The place to start is by looking at the fundamental characteristics of the portfolio returns. Here we are not such much concerned with risk, as measured by the second moment, the standard deviation. Instead, we now want to consider the third and forth moments of the distribution, the skewness and kurtosis.

Comparing the two distributions below, we can see that the distribution on the left, with negative skew, has nonzero probability associated with events in the extreme left of the distribution, which in this context, we would associate with negative returns. The distribution on the right, with positive skew, is likewise “heavy-tailed”; but in this case the tail “risk” is associated with large, positive returns. That’s the kind of risk most investors can live with.

Source: Wikipedia

A more direct measure of tail risk is kurtosis, literally, “heavy tailed-ness”, indicating a propensity for extreme events to occur. Again, the shape of the distribution matters: a heavy tail in the right hand portion of the distribution is fine; a heavy tail on the left (indicating the likelihood of large, negative returns) is a no-no.

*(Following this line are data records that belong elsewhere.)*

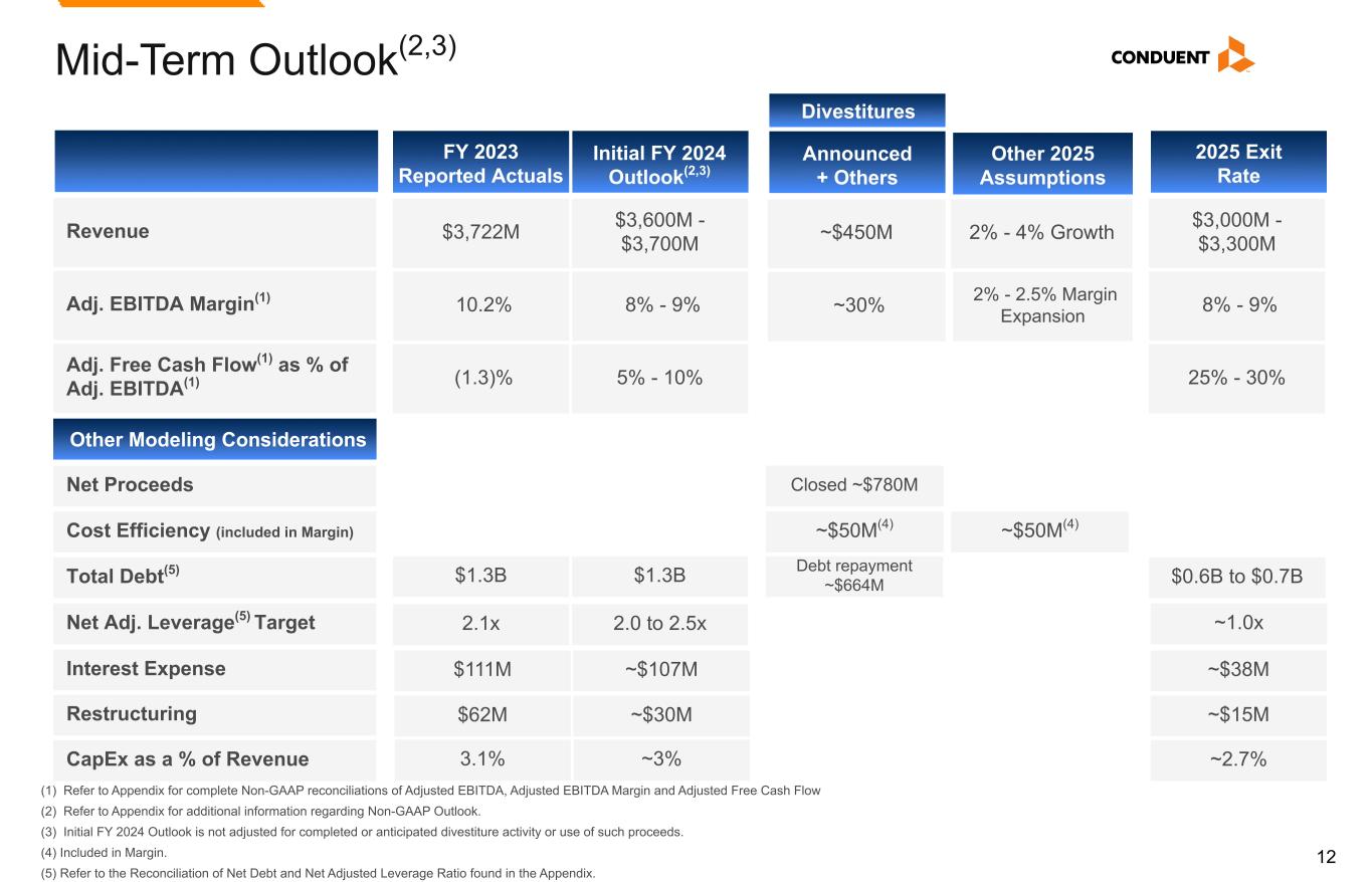 11 FY 2023 Actuals and FY 2024 Outlook(2) (1) Refer to Appendix for complete Non-GAAP reconciliations of Adjusted Revenue, Adjusted EBITDA, Adjusted EBITDA Margin and Adjusted Free Cash Flow. (2) Refer to Appendix for additional information regarding Non-GAAP Outlook. (3) FY 2023 Other Modeling Considerations are not adjusted for completed or anticipated divestiture activity or use of such proceeds. FY 2023 Actuals FY 2024 Outlook(2) $3,320MAdj. Revenue(1) Other Modeling Considerations(3) Adj. EBITDA Margin(1) $3,185M - $3,215M Interest Expense Restructuring CapEx 7.4% 3.75% - 4.0% $111M Approx. $71M $62M $116M Approx. $30M Approx. $90M Adj. Free Cash Flow(1) $(5)M Approx. ($50M)
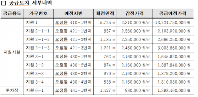 이번에 공급하는 지원시설용지의 필지당 면적은 762~5725㎡, 공급 예정가격은 3.3㎡당 712만~845만원이다. 건폐율 60%, 용적률 400%로 최고 7층까지 건축할 수 있다. 허용 용도는 판매 및 업무시설, 근린생활시설 등이다.
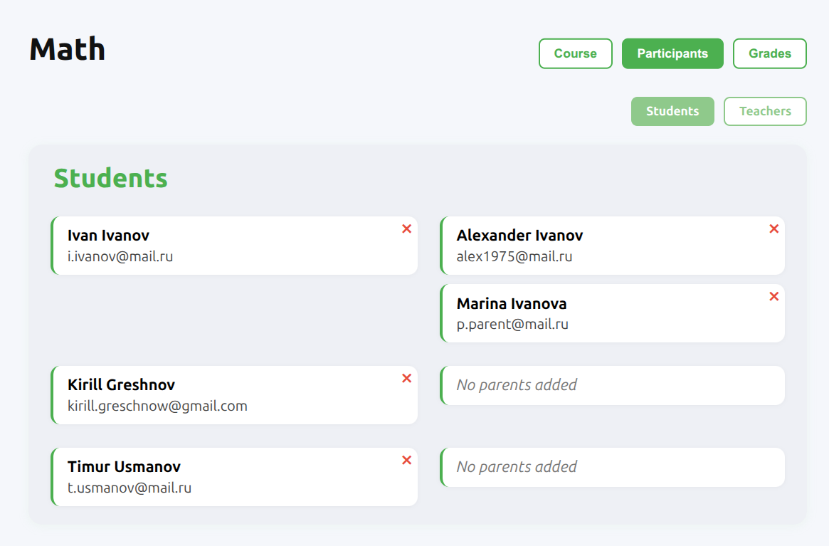 Teachers can easily create a course by simply entering its title, invite students and their parents, upload learning materials, and create assignments.
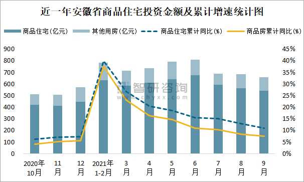 根據國家統計局數據統計可知:2021年9月安徽省房地產開發投資商品房投資金額為658.51億元(其中商品住宅為542.09億元,辦公樓、商業營業用房等其他用房116.42億元);2021年1-9月安徽省房地產開發投資商品住宅累計投資金額為4841.42億元,投資金額累計同比增長11.1%。
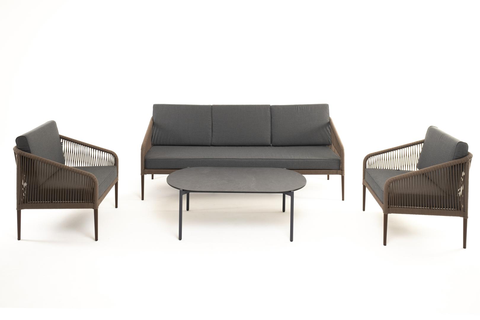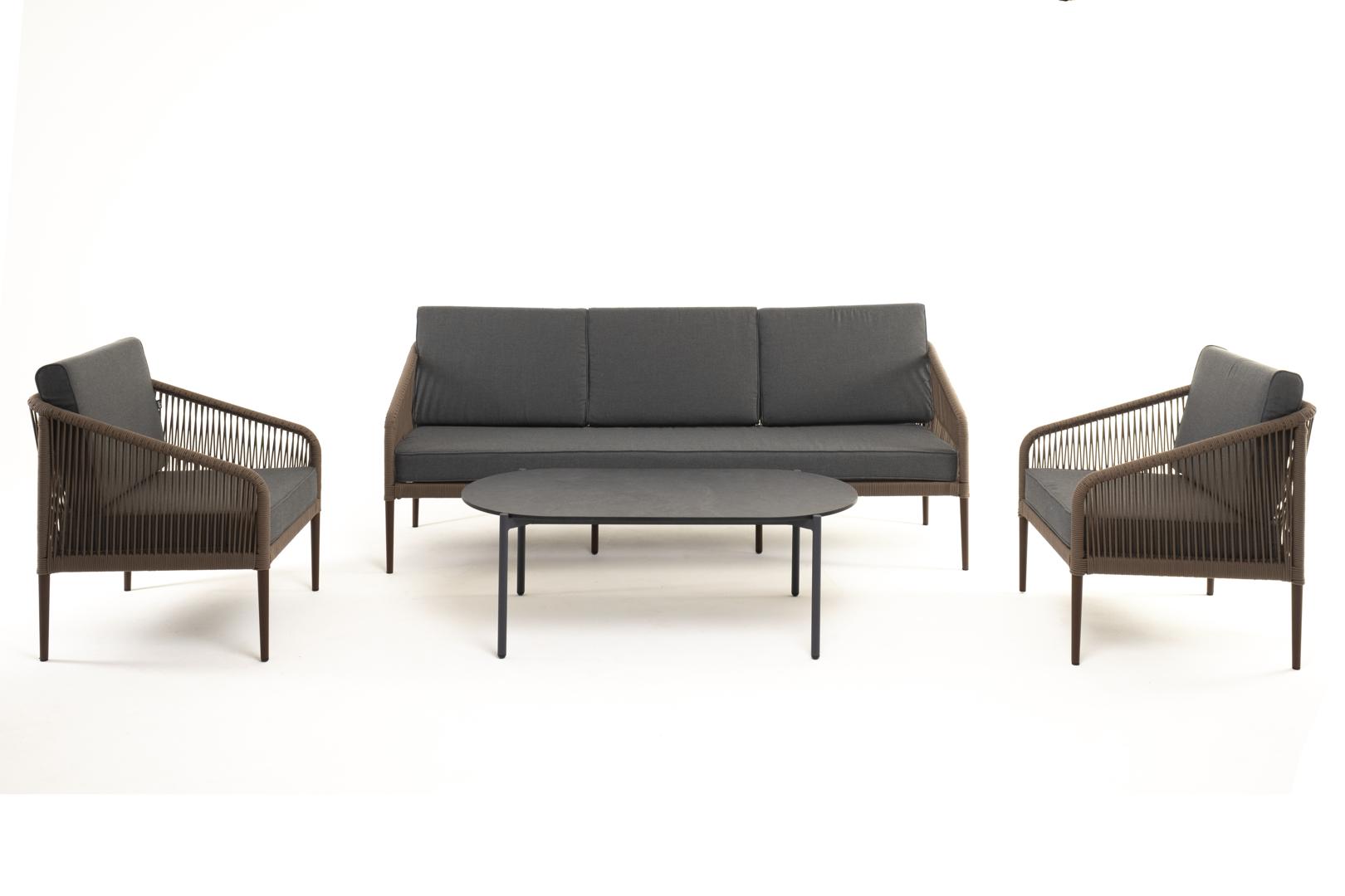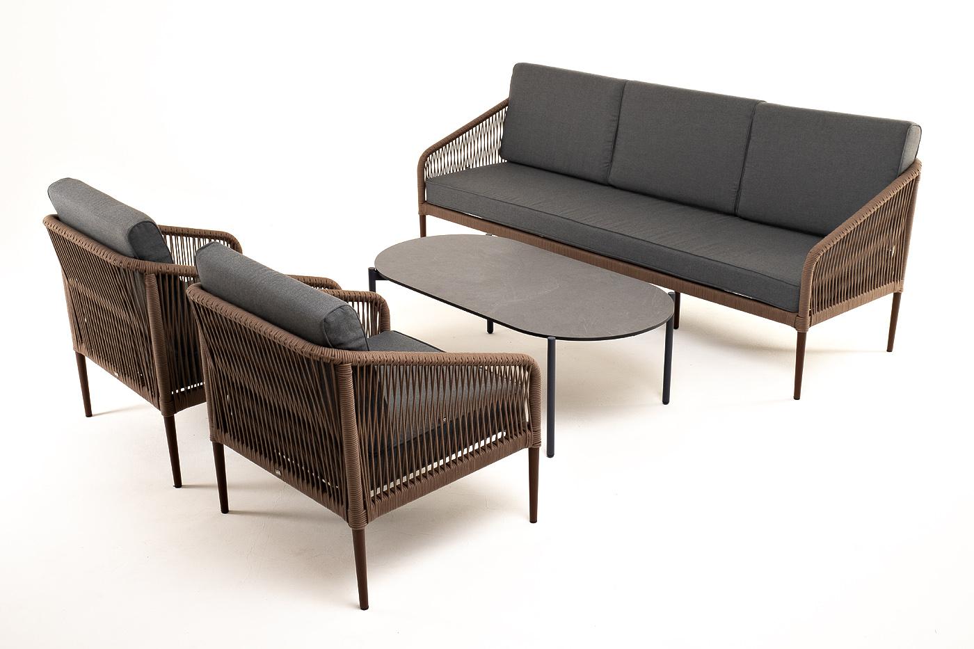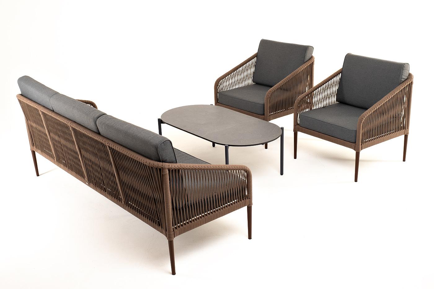 Лаунж зона 4SIS "Канны" лаунж-зона 5-местная плетеная из роупа (веревки), роуп коричневый арт. KANS3C2T-4-SET brown

Let’s take a look at the distribution of returns for the Strategic Volatility Strategy. As you can see, the distribution is very positively skewed, with a very heavy right hand tail. In other words, the strategy has a tendency to produce extremely positive returns. That’s the kind of tail risk investors prefer.

Another way to evaluate tail risk is to examine directly the performance of the strategy during extreme market conditions, when the market makes a major move up or down. Since we are using a volatility strategy as an example, let’s take a look at how it performs on days when the VIX index moves up or down by more than 5%. As you can see from the chart below, by and large the strategy returns on such days tend to be positive and, furthermore, occasionally the strategy produces exceptionally high returns.

The property of producing higher returns to the upside and lower losses to the downside (or, in this case, a tendency to produce positive returns in major market moves in either direction) is known as positive convexity.

Positive convexity, more typically found in fixed income portfolios, is a highly desirable feature, of course. How can it be achieved? Those familiar with options will recognize the convexity feature as being similar to the concept of option Gamma and indeed, one way to produce such a payoff is buy adding options to the investment mix: put options to give positive convexity to the downside, call options to provide positive convexity to the upside (or using a combination of both, i.e. a straddle).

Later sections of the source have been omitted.